## ACTIVITY
Once the line containing "خدمه فرودگاه مجبور" is found in the entries below, reproduce it and every line after it, stopping at and including the line containing "Orignal fine art"; reproduce nothing else, and keep each line exact.

## EXERCISE MATERIAL
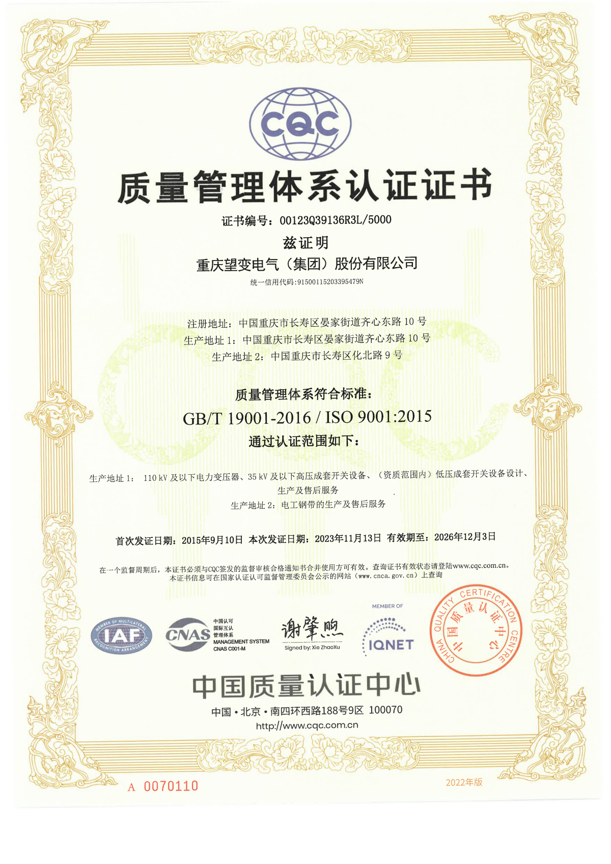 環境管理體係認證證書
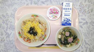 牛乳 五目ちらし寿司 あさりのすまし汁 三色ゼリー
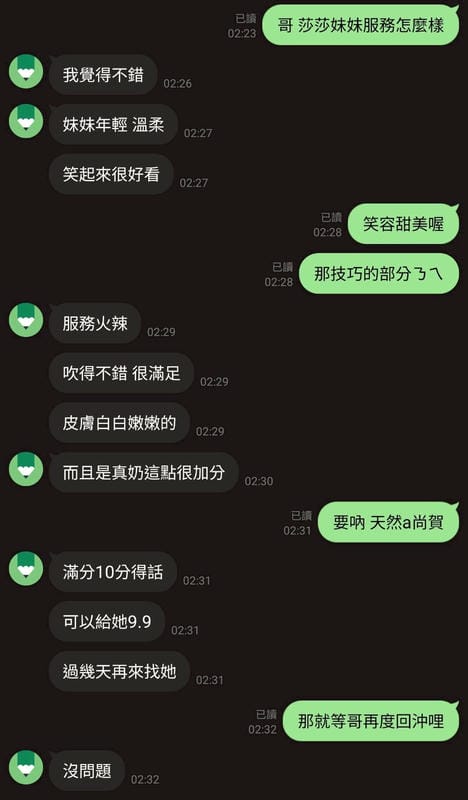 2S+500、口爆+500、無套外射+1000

...

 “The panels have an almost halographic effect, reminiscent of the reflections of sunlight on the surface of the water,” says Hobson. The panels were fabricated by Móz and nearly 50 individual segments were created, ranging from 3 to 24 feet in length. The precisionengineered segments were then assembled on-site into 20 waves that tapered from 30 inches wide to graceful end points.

---

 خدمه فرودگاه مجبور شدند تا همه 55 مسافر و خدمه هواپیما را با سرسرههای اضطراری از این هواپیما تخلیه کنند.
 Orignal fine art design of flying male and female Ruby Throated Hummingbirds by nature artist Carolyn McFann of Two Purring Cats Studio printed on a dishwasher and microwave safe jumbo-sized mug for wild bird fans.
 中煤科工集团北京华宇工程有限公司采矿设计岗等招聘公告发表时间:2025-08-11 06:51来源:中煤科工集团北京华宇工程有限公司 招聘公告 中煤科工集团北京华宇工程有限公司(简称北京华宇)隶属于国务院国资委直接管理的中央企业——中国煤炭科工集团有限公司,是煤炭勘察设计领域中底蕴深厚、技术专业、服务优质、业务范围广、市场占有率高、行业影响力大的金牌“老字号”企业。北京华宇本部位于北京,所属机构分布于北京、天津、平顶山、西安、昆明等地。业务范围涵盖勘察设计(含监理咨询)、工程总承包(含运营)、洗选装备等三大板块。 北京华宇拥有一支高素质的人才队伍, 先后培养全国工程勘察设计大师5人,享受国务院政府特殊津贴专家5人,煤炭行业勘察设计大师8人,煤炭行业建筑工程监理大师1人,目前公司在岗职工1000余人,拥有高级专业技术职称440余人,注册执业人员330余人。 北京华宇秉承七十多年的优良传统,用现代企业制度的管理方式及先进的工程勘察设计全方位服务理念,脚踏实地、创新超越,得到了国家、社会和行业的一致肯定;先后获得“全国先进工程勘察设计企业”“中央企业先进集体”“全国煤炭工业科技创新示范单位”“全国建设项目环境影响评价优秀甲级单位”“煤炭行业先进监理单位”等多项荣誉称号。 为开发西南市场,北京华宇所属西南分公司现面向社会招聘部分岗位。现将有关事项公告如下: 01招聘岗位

## SOLUTION FOR THIS PROBLEM
 خدمه فرودگاه مجبور شدند تا همه 55 مسافر و خدمه هواپیما را با سرسرههای اضطراری از این هواپیما تخلیه کنند.
 Orignal fine art design of flying male and female Ruby Throated Hummingbirds by nature artist Carolyn McFann of Two Purring Cats Studio printed on a dishwasher and microwave safe jumbo-sized mug for wild bird fans.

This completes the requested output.